Клюгенау переводил взгляд с одного офицера на другого.

– Мы обязаны выполняй приказ. Но обед есть не приказ, – принял решение Дитрих. – Я есть послать гонца в Таганрог. Командор просить – что случиться, извещай его.

– Давайте я смотаюсь. Все равно не могу нести службу по болезни. Петрович выпишет освидетельствование, – предложил Ширяев. – В Крыму такой плохой климат.

На него посмотрели с завистью, а потом Клюгенау неожиданно для всех попросил:

– Пусть Петрович меня осмо… посмотреть. Так плохо себя чувствоваль. Их бин больной.

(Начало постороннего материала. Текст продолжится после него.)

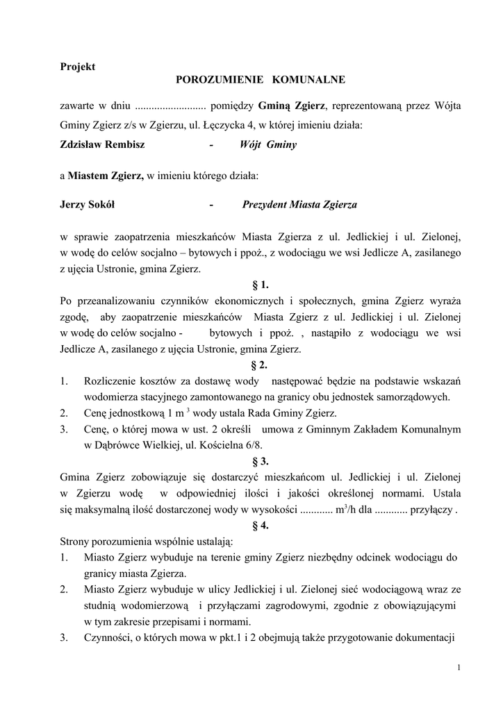 Projekt POROZUMIENIE KOMUNALNE zawarte w dniu .......................... pomiędzy Gminą Zgierz, reprezentowaną przez Wójta Gminy Zgierz z/s w Zgierzu, ul. Łęczycka 4, w której imieniu działa: Zdzisław Rembisz - Wójt Gminy a Miastem Zgierz, w imieniu którego działa: Jerzy Sokół - Prezydent Miasta Zgierza w sprawie zaopatrzenia mieszkańców Miasta Zgierza z ul. Jedlickiej i ul. Zielonej, w wodę do celów socjalno – bytowych i ppoż., z wodociągu we wsi Jedlicze A, zasilanego z ujęcia Ustronie, gmina Zgierz. § 1. Po przeanalizowaniu czynników ekonomicznych i społecznych, gmina Zgierz wyraża zgodę, aby zaopatrzenie mieszkańców Miasta Zgierz z ul. Jedlickiej i ul. Zielonej w wodę do celów socjalno bytowych i ppoż. , nastąpiło z wodociągu we wsi Jedlicze A, zasilanego z ujęcia Ustronie, gmina Zgierz. § 2. 1. Rozliczenie kosztów za dostawę wody następować będzie na podstawie wskazań wodomierza stacyjnego zamontowanego na granicy obu jednostek samorządowych. 2. Cenę jednostkową 1 m 3 wody ustala Rada Gminy Zgierz. 3. Cenę, o której mowa w ust. 2 określi umowa z Gminnym Zakładem Komunalnym w Dąbrówce Wielkiej, ul. Kościelna 6/8. § 3. Gmina Zgierz zobowiązuje się dostarczyć mieszkańcom ul. Jedlickiej i ul. Zielonej w Zgierzu wodę w odpowiedniej ilości i jakości określonej normami. Ustala się maksymalną ilość dostarczonej wody w wysokości ............ m3/h dla ............ przyłączy . § 4. Strony porozumienia wspólnie ustalają: 1. Miasto Zgierz wybuduje na terenie gminy Zgierz niezbędny odcinek wodociągu do granicy miasta Zgierza. 2. Miasto Zgierz wybuduje w ulicy Jedlickiej i ul. Zielonej sieć wodociągową wraz ze studnią wodomierzową i przyłączami zagrodowymi, zgodnie z obowiązującymi w tym zakresie przepisami i normami. 3. Czynności, o których mowa w pkt.1 i 2 obejmują także przygotowanie dokumentacji 1 projektowej wraz ze wszelkimi uzgodnieniami oraz opiniami właściwych organów i jednostek oraz pozwoleniem na budowę. 4. Przebieg sieci wodociągowej oraz lokalizację przyłączy wodociągowych na terenie Miasta Zgierza objętej niniejszym porozumieniem określa załącznik do porozumienia. 5. Miasto Zgierz poniesie koszty budowy sieci wodociągowej wraz ze studnią wodomierzową i przyłączami zagrodowymi zgodnie z zakresem rzeczowym określonym w pkt.1 i 2. 6. Sieć wodociągowa wybudowana na terenie gminy Zgierz stanowić będzie własność gminy Zgierz, a sieć wybudowana na terenie miasta Zgierza - własność miasta Zgierza. 7. Obowiązek utrzymania i konserwacji sieci wodociągowej spoczywa na właścicielu sieci. § 5. Strony wspólnie ustalają, że Gmina Zgierz i Gminny Zakład Komunalny będą realizowały wszelkie prawa i obowiązki przysługujące dostawcy wody wynikłe z przepisów powszechnie obowiązujących, bądź ustaleń niniejszego porozumienia. § 6. Każdorazowa rozbudowa sieci i przyłączy ponad zakres ustalony w § 3 oraz zmiana przeznaczenia poboru wody na cele inne niż socjalno - bytowe i ppoż. wymaga zgody dostawcy wody. § 7. 1. Porozumienie zostaje zawarte na czas nieokreślony. 2. Ograniczenie czasu trwania lub zakresu obowiązywania porozumienia może nastąpić w przypadku braku możliwości poboru wody z ujęcia we wsi Ustronie, w wystarczającej ilości lub jakości uniemożliwiającej odpowiednie uzdatnienie, bądź też zaistnienie innych zdarzeń o charakterze losowym, na które nie ma wpływu żadna ze stron. § 8. 1. Rozwiązanie porozumienia może nastąpić w wyniku wypowiedzenia przez jedną ze stron. Okres wypowiedzenia ustala się na ........ od daty złożenia wypowiedzenia. 2. Za zgodą stron porozumienie może być rozwiązane w każdym czasie. § 9. 1. Nieterminowe regulowanie wzajemnych zobowiązań finansowych stanowi podstawę do naliczania odsetek ustawowych. 2. Terminy płatności za wodę określi umowa, o której mowa w § 2 ust. 3. 2 § 10. W sprawach nie uregulowanych niniejszym porozumieniem stosuje się przepisy ustawy „Prawo wodne” z przepisami wykonawczymi, ustawy o zbiorowym zaopatrzeniu w wodę i zbiorowym odprowadzaniu ścieków oraz kodeks cywilny. § 11. 1. Powyższe porozumienie wymaga akceptacji Rad obu Gmin. 2. Zmiana treści porozumienia wymaga formy pisemnej oraz zastosowania takiej samej procedury jak w przypadku jego zawarcia. 3. Porozumienie zostaje ogłoszone w Dzienniku Urzędowym Województwa Łódzkiego. § 12. Porozumienie sporządzono w 4 jednobrzmiących egzemplarzach, po 2 egz. dla każdej ze stron. Miasto Zgierz: Gmina Zgierz: 3

Он не понял, почему Ширяев улыбнулся последней фразе. А тот объяснять ничего не стал. Да и как объяснишь?

13. Флейшман. Брожение

Город бурлил. Я помнил его прошлогодним, только что взятым, когда часть домов была разрушена. На улицах кое-где еще лежали неубранные трупы турок, а уж всевозможного имущества, вернее, его недорасхищенных остатков, было разбросано столько, что пройти местами было почти невозможно.

Тогда я уехал довольно быстро и не видел дальнейших метаморфоз. Теперь Азов был отстроен. Дома стояли если не аккуратные, то целые. Крепостные стены больше не зияли прорехами. Только населения было маловато. Один гарнизон да те, кто решил попробовать счастья на новом месте. Торговцы, их семьи и прочий народ, готовый удовлетворить основные потребности служивого люда.